The Gulf Coast Vietnamese population, no strangers to spicy seafood, took a special liking to Cajun boiled crawfish. Instead of concentrating the flavor in the boiling liquid, Vietnamese-style crawfish typically comes tossed in a spicy butter sauce or served with spiced mayonnaise or butter-based dipping sauces.

Matt Tope pulls freshly cooked crawfish from the boiling pot at Benno’s on the Beach in Galveston. Photo by Stuart Villanueva
A community tradition
If you’ve never sat around a big pile of boiled crawfish, now would be a great time to try them. Not only are they deliciously spicy and sweet like crab and lobster, the ritual of eating them — much like crab boils or barbecues — is one of the great Southern community food traditions.
Spring weekends mean long tables covered in newspaper, friends and family members and strangers alike all elbow-to-elbow, twisting shells, laughing, storytelling and listening to lively Zydeco music in the background.
It’s a tradition we’re fortunate to have access to — it wasn’t too long ago that crawfish were a rare, wild treat you couldn’t easily find in a restaurant.
“When I was in grammar school, we didn’t eat crawfish out,” Gossen said. “We had a rice farm near Rayne, La., and once a year around March or April, when they’d drain the field, we’d have a bunch of crawfish crawling around, so we’d have a boil.”
The few places that did serve crawfish back then did not consider it a communal affair, offering private rooms separated by curtains to shield diners from each other’s messes.
Today, only about 10 percent of the crawfish on the market is wild from the Atchafalaya Basin, with the grand majority farmed on rice fields, which means we’re now able to enjoy them much earlier in the year, and much more often.
March through May is still generally the “prime time” to get them at the best price, while the supply is heavy and the weather’s good enough to sit out and spend a few hours making a good mess of orange-stained paper towels and spice-covered shells.

Bartender Amy Love carries trays of crawfish to customers at Bubba’s at Tiki, a sports bar and grill.
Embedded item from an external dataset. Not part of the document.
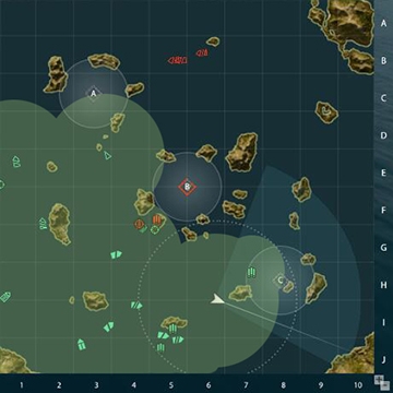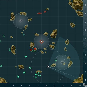 如上图黎明战役,制海权模式。开局我方两个驱逐舰开局分别抢占D3与I7两个区域,中间的盲点由我方的战斗机去补位,两搜巡洋舰则站在E1、J6接应,战列舰则横列在F2-I5斜线上。此时我方的视野控制如下图:

Photo by Stuart Villanueva
There’s plenty of restaurants that serve crawfish dishes in these parts. And here on the upper Texas coast, we’ve got a handful of markets and eateries that ship in live crawfish.
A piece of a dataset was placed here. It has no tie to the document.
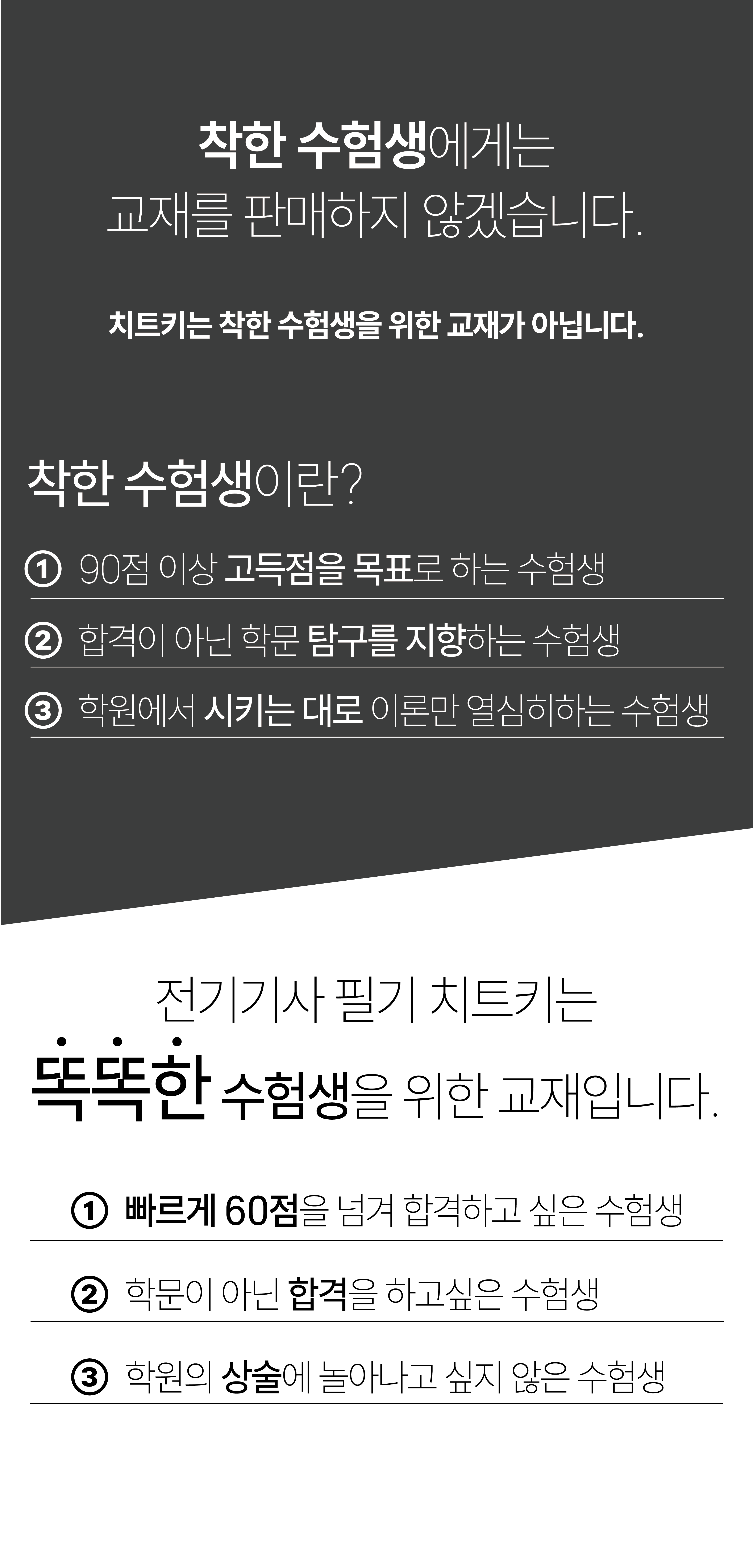 안녕하세요. 저는 2025년 2회차 전기기사와 전기공사기사 필기시험에 동시에 합격한 수험생입니다.지금 이 글을 쓰는 이 순간, 제 손에 두 개의 필기 합격이 있다는 사실이 아직도 믿기지 않을 만큼 감격스럽습니다.하지만 이 결과는 결코 단숨에 이뤄진 것이 아닙니다. 실패와 좌절, 그리고 진로에 대한 치열한 고민 끝에 ‘진짜 나에게 맞는 공부법’을 찾아낸 과정의 결실이었기에 더욱 값졌습니다.지금 이 글을 읽고 있을 누군가에게 제 이야기가 도움이 되었으면 하는 간절한 마음으로 수기를 적습니다.대학교 3학년, 첫 도전의 시작과 반복된 좌절처음 자격증에 도전한 건 대학교 3학년 때였습니다.당시에는 전기산업기사 시험에 도전하며 “그래도 열심히 하면 되겠지”라는 마음으로 다산에듀 인강과 교재를 따라 공부했지만, 끝없는 이론의 벽과 과도하게 방대한 기출문제집에 매몰돼 버렸습니다.그렇게 1회, 2회, 3회차 모두 불합격. 매 시험이 끝날 때마다 제 자신을 탓했고, 자존감은 바닥을 쳤습니다.대학교 4학년, 다시 전기기사 도전… 또다시 실패“이번엔 전기기사다. 이번엔 다르겠지.”마지막이라는 각오로 엔지니어랩 인강으로 갈아탔습니다.하지만 문제는 똑같았습니다.개념은 쌓이는데 문제에 적용이 안 되는 공부.기출을 풀면 “내가 이걸 어디서 배웠더라?” 하는 생각만 들 뿐, 연결이 되지 않았습니다.대학원 진학 그리고 결정적 전환점그렇게 자격증을 뒤로한 채 저는 대학원에 진학했습니다.하지만 학문적 연구보다는, 저는 공기업으로 취업하고 싶은 사람이란 걸 곧 깨달았습니다.이미 공기업에 대한 자격증 영어와 추가 가점 자격증을 취득한 상태였기 때문입니다.‘이건 내 길이 아니다’라는 결론이 섰고, 2025년 4월, 저는 스스로 대학원 자퇴를 결정했습니다.이후 유튜브를 뒤지며 ‘진짜 도움이 되는 공부법이 뭘까’ 고민하던 중,제 인생을 바꿔놓은 사람, 우순쌤을 만나게 됩니다.전기기사 & 전기공사기사 필기 동시합격! 이렇게 공부했습니다1. 전기치트키 3회독1회독은 인강을 들으며 개념을 파악2회독부터는 인강을 보지 않고 문제 중심 복습3회독에서는 문제만 보며 개념 연결 포인트: “묻지도 따지지도 말고 무조건 회독”이 진리였습니다. 인강은 시간 낭비가 될 수 있으니 최대한 압축!2. 타우 문제집 3회독A등급 문제는 직접 풀기B, C등급은 빠르게 답을 외우는 방식으로 반복이렇게 3회독을 돌리며, 기출 유형을 무조건 익숙하게 만들었습니다.포인트: 문제를 “풀려고 하지 않고, 기억하려 했다”는 점이 암기의 효율을 높였습니다.3. CBT 기출 통암기다음 회차 시험지를 그대로 외웠습니다.2025년 1, 2회차, 2024년 1,2,3회차, 2023년 1,2,3회차, 2022년 3회차까지 통암기포인트: ‘문제-답, 문제-답’ 단순하지만 효과적인 본능적 패턴 학습4. 복원문제 풀고 암기시험시작 2주후 부터 모든 학원, 유튜브에서 복원문제가 나오기 시작합니다.저는 나오는 족족 다 풀고, 다 외웠습니다.포인트: 복원문제의 복원률은 매우 높기 때문에, 실전 적중률이 압도적으로 올라갑니다.쌍기사 필기 합격, 그리고 느낀 점정말 말 그대로 ‘이제야 길이 보인다’는 기분이었습니다.누군가는 쉽게 합격하는 시험이라 여길지 모르지만, 저에게는 이 자격증이 인생을 다시 설계하게 해준 전환점이었습니다.과거의 저처럼 인강에만 매달리다 지치고, 공부 방법을 몰라 방황하고, 자기 길이 맞는지 헷갈리는 분들이 있다면,꼭 말해주고 싶습니다.“공부법이 바뀌면 결과가 바뀝니다. 방법이 틀렸던 거지, 당신이 틀린 게 아닙니다.”이제는 실기! 다시 도전합니다이제 2회차 실기에서 동시합격을 목표로, 오장육부 실기 교재를 통해 다시 공부를 시작합니다.그리고 꼭 다시 실기 합격 수기로 찾아뵙겠습니다.마지막으로, 수험생 여러분께너무 많은 인강은 독이 될 수 있습니다.이론과 기출을 끊임없이 연결시키세요.CBT와 복원문제, 절대 무시하지 마세요.그리고 절대 포기하지 마세요.제가 그랬던 것처럼, 당신도 할 수 있습니다.“지금의 실패는 방법의 실패일 뿐, 당신의 실패가 아닙니다.”📷구매인증(교재 또는 구매내역을 인증해주시면 후기 이벤트 경품을 보내드려요😊)

Benno’s on the Beach in Galveston has been perfecting its recipe for 30 years, and it’s proud to serve them big.
“As soon as they can afford to start separating them by size, around March, we start buying the larger graded crawfish to make sure everyone gets nice, big tails,” Manager Tracy Deltz said.
Leo’s Cajun Corner on the island is revered for its crawfish étouffée and crawfish boudin. And The Cajun Greek in Galveston draws crowds for its boiled crawfish prepared with a special blend of spices and served with corn and potatoes.
Pook’s Crawfish Hole in Santa Fe is another place to get your fill. Pook’s serves its corn and potatoes separately so the weight isn’t counted with your order of crawdads. And it sells live crawfish by the sack. If you make it over on a weekend, you might even catch some live music to get you in the mood. Just make sure to bring your own adult beverages — Pook’s is BYOB.
Bubba’s at Tiki, a sports bar and grill near Tiki Island, saves its crawfish boils for Wednesday nights, when it cranks up the Cajun music and rolls out the bucket beer specials. Owners recently added 1,500 square feet to Bubba’s for a lot more elbow room.
Throwing your own boil
If you’d rather buy your own crawdads and have a boil at home, you’ve got to be prepared to make a big mess and have lots of space to work outside. Most of the time these bugs are covered in mud, so prepare a large bucket or kiddie swimming pool to wash them off before you bring them home.
Once you rinse them off, it’s easiest to prepare your boil in a large pot on an outdoor patio stove or burner. If that’s not an option, you can get away with doing it on your kitchen stove as long as you work in small batches. You can find recipes for the boil spice online, or prepackaged in some grocery stores. Start your corn and potatoes first, and then drop in your crawdads and boil until they turn bright red, about five minutes.